A teacher listens as much as they direct.
Classmates lean on each other, sparked into new understandings.
The image I get isn’t a triangle at all.
It’s a string quartet: violin, violin, viola, cello. No instrument alone makes the music. The beauty lives in relationship, listening, adjusting, responding.
Or maybe it’s more of a spiral, it curls around roles and content and anchors in people.
People-Based Learning maps this same terrain. Knowledge doesn’t travel in straight lines; it moves through the human web. We are all teachers and students, all the time. And when we center people, not just content, we invite inclusivity, durability, emotion, and action into the learning.
Related Recommendation: There is a great course on Coursera called Learning How to Learn, taught by Dr. Barbara Oakley and Dr. Terrence Sejnowski.
4. Two Logics, One Building
Every school houses two worlds:
One, the test-driven classroom with its rows and rubrics.
The other, the humming spaces of orchestra, debate, theater, carpentry, where learning feels urgent and alive.
Sarah’s question was sharp: how do we bring that vitality into the academic core?
PeBL poses the same challenge.
Connection cannot be an elective. It must thread the whole fabric of learning.
This is no different from a city. The main roads are efficient, utilitarian. But the side streets, the markets, murals, conversations spilling out of cafés, are where culture lives.
What would it mean if our “main roads” of schooling carried that same human pulse?
Related Recommendation: Professor Ebony Bridwell-Mitchell shares how leveraging social networks can spark meaningful change, and why schools must embrace the power of human connection to achieve lasting success. Check it out here on Harvard EdCast.
5. Intrapersonal is People-Based
Sarah told me of an English class where the teacher asked students to reflect quietly on love, friendship, and loss, and then to share. It was not an elaborate project, but more a dialogue.
Sometimes, the “people” in People-Based Learning are all the parts of ourselves, in honest conversation with each other.
PeBL names this, too: reflection is not a pause from learning; it is learning. Affect, turning inward, then outward, matters as much as building a house or staging a protest.
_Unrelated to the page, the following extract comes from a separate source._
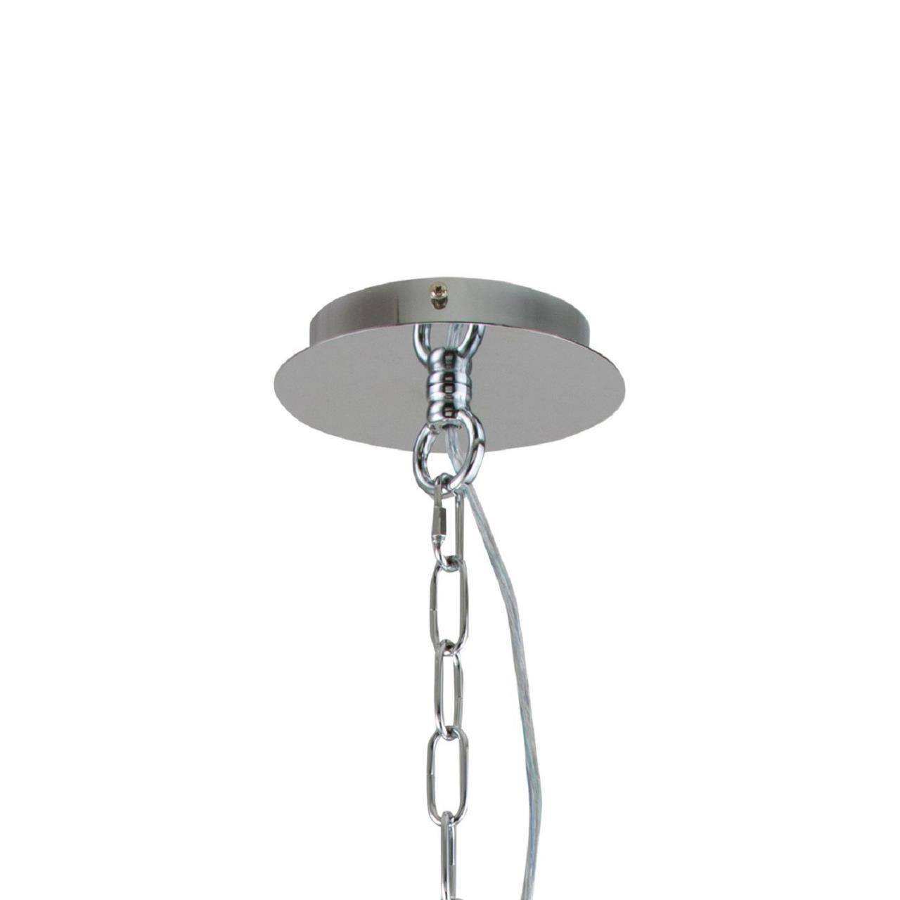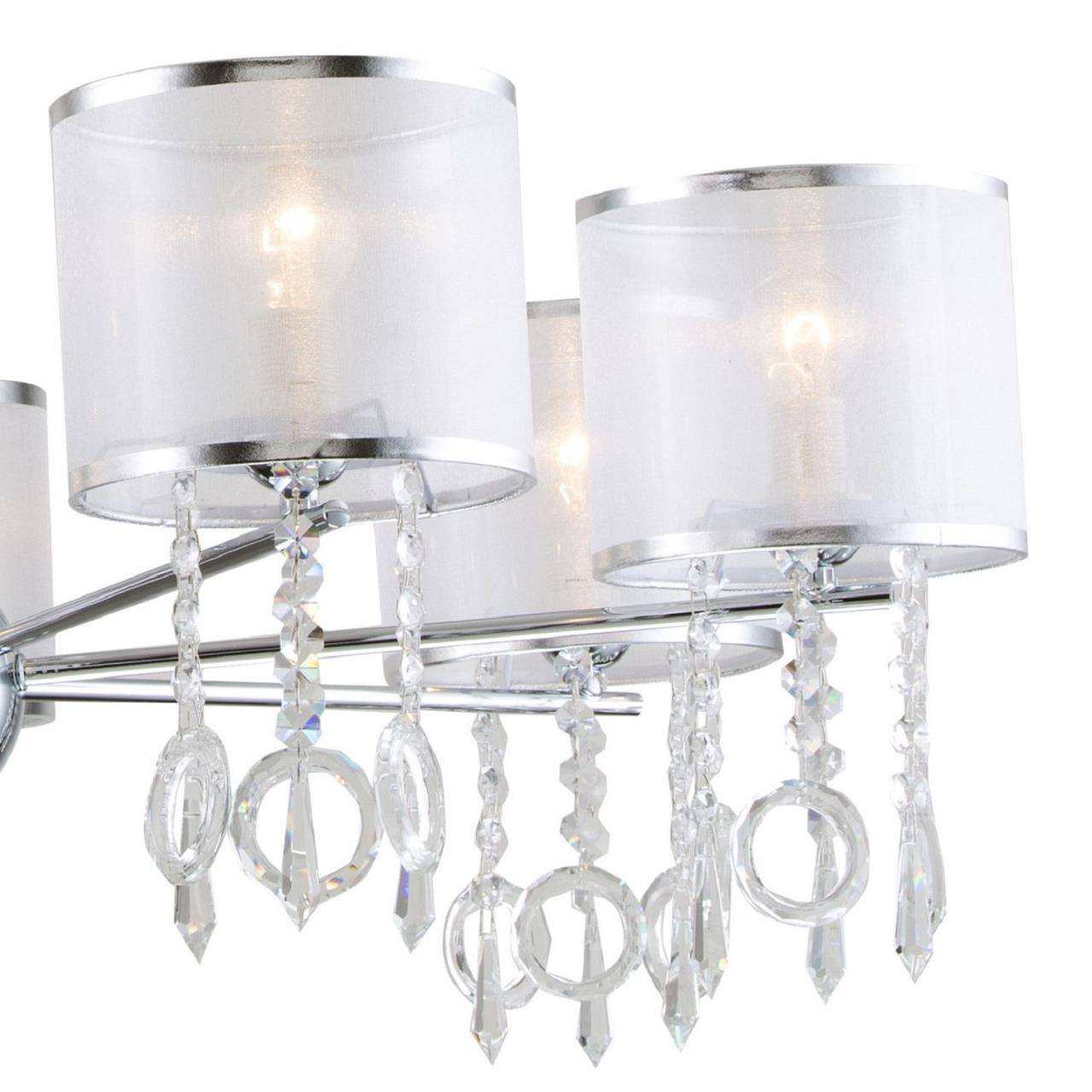 Каркас цвета хром, плафоны из органзы белого цвета, декоративные элементы из стекла и хрусталя

It reminded me of Maya Angelou’s line:
“There is no greater agony than bearing an untold story inside you.”
To tell your stories, even in a circle of peers, is to become more human together.
Related Recommendation: Listen to this chapter about storytelling from one of the greatest storytellers of modern times, Will Storr. Chapter 2 of his book How I Write talks about how to tell a story. Fabulous. Check it out.
These five threads highlight a natural bridge.
Deeper Learning locates where authentic, purpose-filled, human-centered learning already thrives, while People-Based Learning makes the human thread explicit and essential across all contexts.